4 duplicates — Report, tag, or drop duplicate observations
Options for duplicates examples and duplicates list
Main
compress, nocompress, fast, abbreviate(#), string(#); see [D] list.
Options
table, display, header, noheader, header(#), clean, divider, separator(#),
sepby(varlist), nolabel; see [D] list.
Summary
mean
(varlist)
, sum
(varlist)
, N
(varlist)
, labvar(varname); see [D] list.
Advanced
constant
(varlist)
, notrim, absolute, nodotz, subvarname, linesize(#); see [D] list.
Option for duplicates tag
generate(newvar) is required and specifies the name of a new variable that will tag duplicates.
Option for duplicates drop
force specifies that observations duplicated with respect to a named varlist be dropped. The force
option is required when such a varlist is given as a reminder that information may be lost by
dropping observations, given that those observations may differ on any variable not included in
varlist.
Remarks and examples stata.com
Current data management and analysis may hinge on detecting (and sometimes dropping) duplicate
observations. In Stata terms, duplicates are observations with identical values, either on all variables if
no varlist is specified or on a specified varlist; that is, 2 or more observations that are identical on all
specified variables form a group of duplicates. When the specified variables are a set of explanatory
variables, such a group is often called a covariate pattern or a covariate class.
Linguistic purists will point out that duplicate observations are strictly only those that occur in
pairs, and they might prefer a more literal term, although the most obvious replacement, “replicates”,
already has another statistical meaning.
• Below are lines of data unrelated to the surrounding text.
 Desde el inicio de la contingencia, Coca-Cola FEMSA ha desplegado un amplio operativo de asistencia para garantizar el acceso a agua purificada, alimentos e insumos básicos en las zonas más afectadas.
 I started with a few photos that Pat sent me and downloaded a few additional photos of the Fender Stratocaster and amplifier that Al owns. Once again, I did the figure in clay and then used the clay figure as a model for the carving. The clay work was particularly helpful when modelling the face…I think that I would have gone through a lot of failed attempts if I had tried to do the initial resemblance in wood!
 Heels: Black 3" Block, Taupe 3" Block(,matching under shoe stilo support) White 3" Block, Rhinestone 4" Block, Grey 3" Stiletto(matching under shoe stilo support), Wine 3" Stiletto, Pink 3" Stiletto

However, the looser term appears in practice to be much
more frequently used for this purpose and to be as easy to understand.
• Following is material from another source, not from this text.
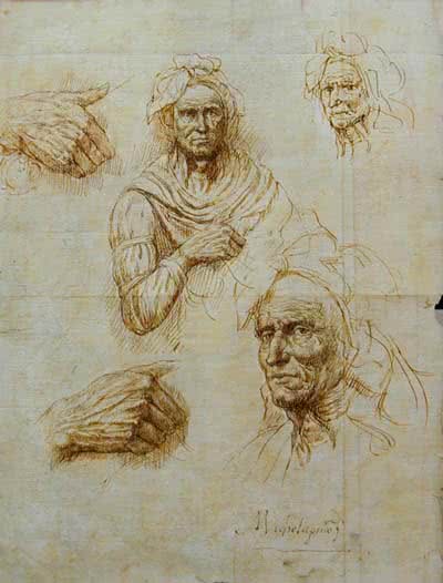 En escultura destaca el bronce Atropos, del polifacético Miguel Ángel, para quien este material no era ajeno, pero en el que tampoco se prodigó. De hecho, ésta es su única pieza en bronce conocida en la actualidad, de entre las varias documentadas por G. Vasari en el siglo XVI, y cuyos dibujos preparatorios acompañan a la escultura en la exposición.

Observations may occur as duplicates through some error; for example, the same observations
might have been entered more than once into your dataset. In contrast, some researchers deliberately
enter a dataset twice. Each entry is a check on the other, and all observations should occur as identical
pairs, assuming that one or more variables identify unique records. If there is just one copy, or more
than two copies, there has been an error in data entry.
Or duplicate observations may also arise simply because some observations just happen to be
identical, which is especially likely with categorical variables or large datasets. In this second situation,
consider whether contract, which automatically produces a count of each distinct set of observations,
is more appropriate for your problem. See [D] contract.